Was Unternehmen jetzt tun sollten

Vor diesem Hintergrund stellt sich nicht die Frage, ob KI im Unternehmene eingeführt werden soll, sondern wie. Der Einstieg über sichtbare Use Cases ist naheliegend, reicht aber nicht aus.

  • Der erste Schritt besteht darin, die eigene Datenbasis ehrlich zu beurteilen. Wie vollständig sind die Produktdaten oder auch andere Datendomainen? Wie konsistent sind Klassifikationen über Länder, Marken und Geschäftsbereiche hinweg? Wie viele manuelle Korrekturen braucht es, bevor Daten in einen Shop oder zu einem Marktplatz gelangen?
  • Diese Bestandsaufnahme ist oft ernüchternd – aber sie ist der notwendige Ausgangspunkt. Darauf aufbauend lässt sich gezielt entscheiden, welche PIM- oder MDM-Maßnahmen priorisiert werden müssen, um KI überhaupt sinnvoll einsetzen zu können.
  • Parallel dazu lohnt sich ein Blick auf die organisatorische Seite. PIM- und MDM-Projekte dürfen nicht als reine IT-Initiativen verstanden werden. Sie berühren direkt Marketing, Vertrieb, E-Commerce, Einkauf und Produktmanagement und teilweise noch viele weitere Fachabteilungen. Wer KI erfolgreich nutzen will, muss diese Bereiche in die Datenstrategie einbinden.
  • Schließlich ist es sinnvoll, generative KI nicht als Selbstzweck zu betrachten, sondern an klaren Problemen auszurichten: etwa der Beschleunigung von Produktlaunches, der Verbesserung von Content-Qualität, der Reduktion von Retouren durch bessere Informationen oder der Vereinfachung von internen Abstimmungsprozessen. Pilotprojekte sollten so gewählt werden, dass sie sowohl einen sichtbaren Mehrwert liefern als auch auf einer Datenbasis aufsetzen, die man kontrollieren und weiterentwickeln kann.
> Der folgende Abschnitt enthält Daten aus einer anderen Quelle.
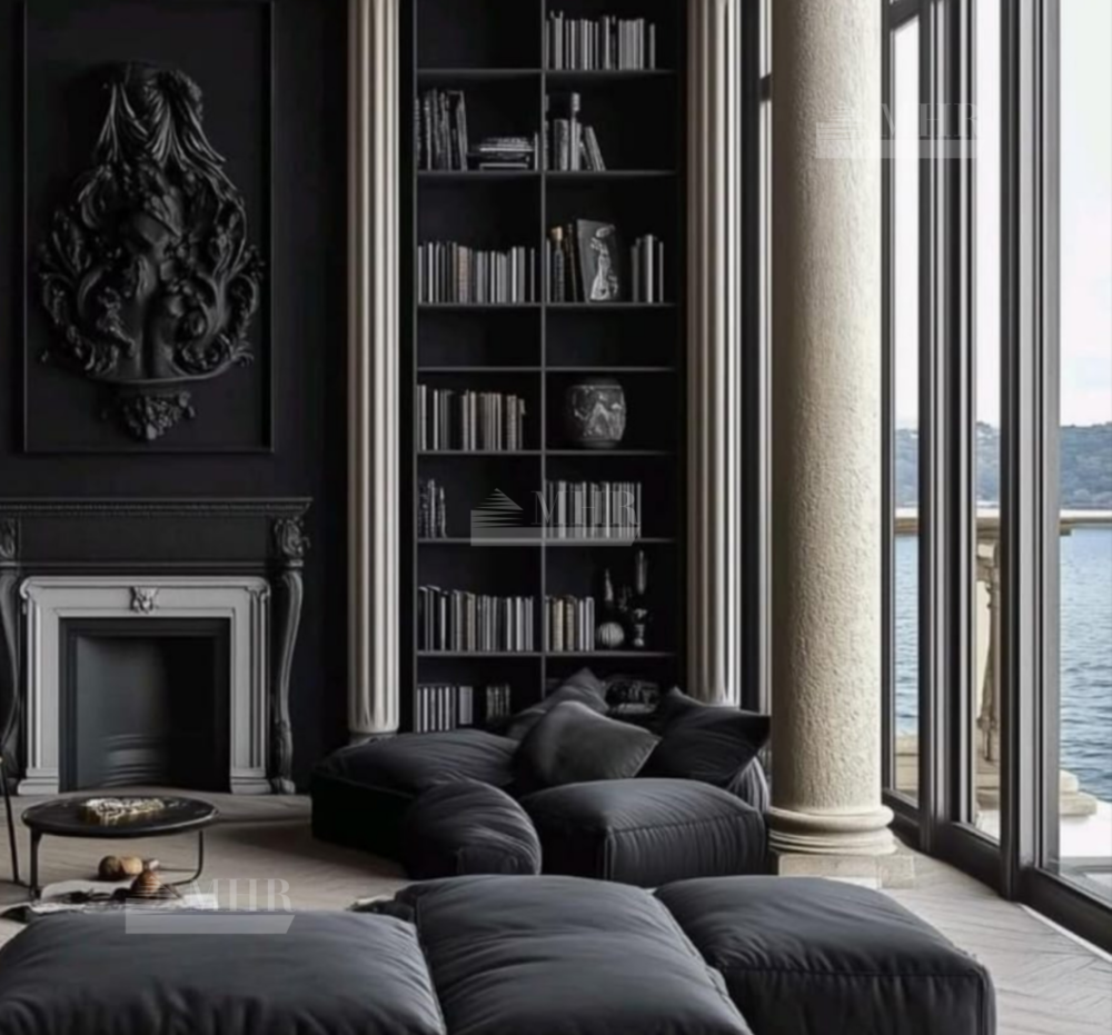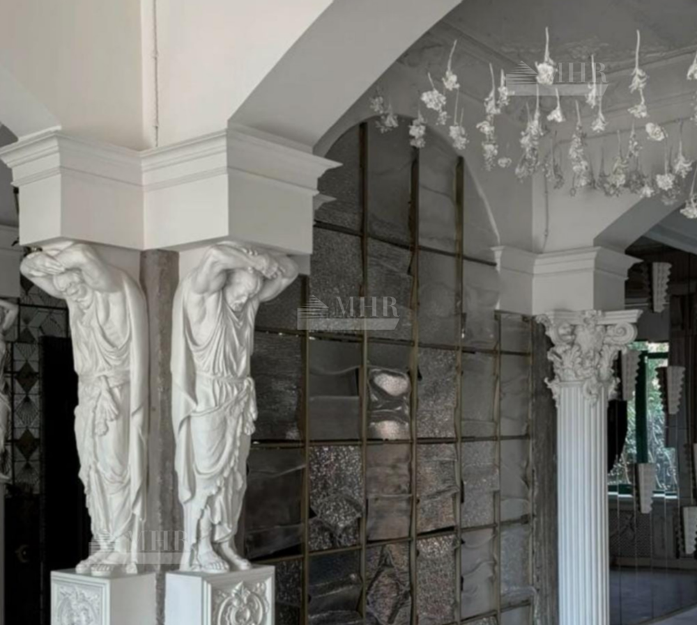 1-й этаж: просторная входная группа виллы, отдельная комната для гардероба, большой кабинет, Open-space зона кухни, гостиной и столовой с двойным светом, в пространстве гостиной выделена уютная зона домашнего кинотеатра, каминная зона с панорамным видом на сад, отдельная столовая- зимний сад с панорамными окнами и двумя выходами: в сад и на террасу.

Wie SDZeCOM dabei unterstützt

Wir arbeitet seit vielen Jahren mit Unternehmen, die ihre Produkt- und Stammdaten professionalisieren möchten. Die aktuellen Entwicklungen rund um generative KI und agentische KI verstärken einen Punkt, den wir immer wieder sehen: Datenqualität, Struktur und Governance sind nicht „nice to have“, sondern erfolgskritisch.
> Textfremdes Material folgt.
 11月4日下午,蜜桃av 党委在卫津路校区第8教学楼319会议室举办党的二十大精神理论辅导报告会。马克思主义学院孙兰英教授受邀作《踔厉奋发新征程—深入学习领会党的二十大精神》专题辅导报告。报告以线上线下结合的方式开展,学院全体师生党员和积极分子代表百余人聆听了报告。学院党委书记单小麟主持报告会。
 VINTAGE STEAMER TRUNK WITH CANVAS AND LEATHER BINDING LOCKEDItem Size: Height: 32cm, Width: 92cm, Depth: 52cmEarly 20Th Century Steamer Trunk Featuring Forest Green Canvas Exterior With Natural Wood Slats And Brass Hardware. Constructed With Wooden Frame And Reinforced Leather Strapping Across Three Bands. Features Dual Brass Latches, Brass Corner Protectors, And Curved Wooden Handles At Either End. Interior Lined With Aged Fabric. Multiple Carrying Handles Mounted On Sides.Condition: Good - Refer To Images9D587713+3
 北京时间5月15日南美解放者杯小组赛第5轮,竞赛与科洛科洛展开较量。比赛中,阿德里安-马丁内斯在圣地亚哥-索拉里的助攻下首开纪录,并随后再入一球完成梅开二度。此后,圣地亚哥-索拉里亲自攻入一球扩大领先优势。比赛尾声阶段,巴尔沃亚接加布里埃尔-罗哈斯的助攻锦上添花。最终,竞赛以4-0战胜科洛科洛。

Unsere Arbeit umfasst strategische Analysen, die klären, wie AI-ready die vorhandenen Daten heute sind, und welche Schritte nötig sind, um PIM- und MDM-Landschaften auf ein Niveau zu bringen, das KI tragen kann. Wir entwickeln Zielbilder für Datenarchitekturen, die klassische Stammdatenthemen mit den neuen Möglichkeiten von KI sinnvoll verbinden, und wir unterstützen bei der Umsetzung in Projekten, aber auch beim Enablement der beteiligten Teams.
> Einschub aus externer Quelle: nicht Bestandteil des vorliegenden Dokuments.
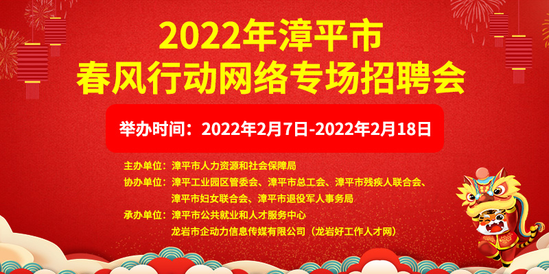 為深入學(xué)習(xí)貫徹黨的十九屆四中、五中、六中全會精神,做好春節(jié)期間漳平市就業(yè)創(chuàng)業(yè)工作,搭建企業(yè)與求職者雙向?qū)悠脚_,漳平市人力資源和社會保障局擬舉辦“2022年漳平市春風(fēng)行動網(wǎng)絡(luò)專場招聘會”,具體方案如下:
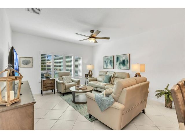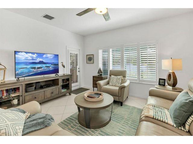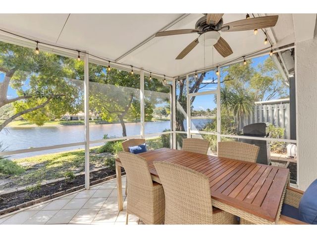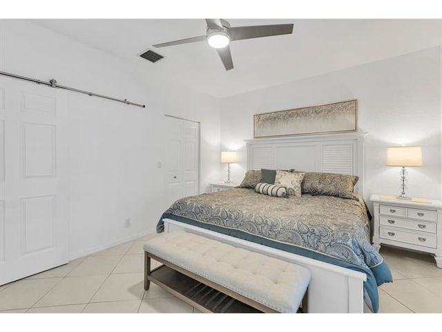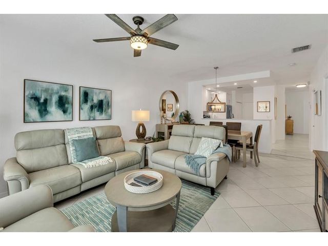 Magnificent Lakefront 3/2 Villa w/ Garage, Enjoy the Peaceful Garden & Lake view from the Extended Screened in Patio, also Great for Fishing. Tastefully Furnished, ready for Snowbirds. Nothing to be done here, Beautifully Redone. New kitchen and Baths in 2024. Plantation Shutters. Double Protection: IMPACT Windows and Sliding Doors and Accordion Shutters. Open White Eat-in-Kitchen w/ Quartz Countertops, Glass Backsplash, Recessed Lights. Split Bedrooms. Master Bedroom w/ large Walk-in-closet. Master Bath w/ shower only + double sinks & Barn Doors. New AC 2021. Excellent Resort Style Gated Community w/ Pools, Clubhouses, Playgrounds, Tennis, Pickleball, & Much More. HOA Fee covers Cable, Internet, Ext. Insurance, Reserves. New roof in 2019. Great Location, Great Schools! Close to shoppes!

Ein weiterer Schwerpunkt liegt auf Data Governance. Gemeinsam mit unseren Kunden definieren wir Rollen, Prozesse und Regeln, die sicherstellen, dass KI nicht auf einem zufälligen Datenfundament agiert, sondern auf einem bewusst gestalteten, verantwortungsvoll geführten Datenmodell.

Dass KI enorme Potenziale bietet, steht außer Frage. Die Kunst besteht darin, diese Potenziale nicht isoliert zu betrachten, sondern sie in eine durchdachte Datenstrategie einzubetten. Genau dort liegt unser Auftrag: Wir helfen Unternehmen, ihre Produkt- und Stammdaten so aufzustellen, dass KI nicht zum Experiment, sondern zum verlässlichen Bestandteil ihres Geschäfts wird.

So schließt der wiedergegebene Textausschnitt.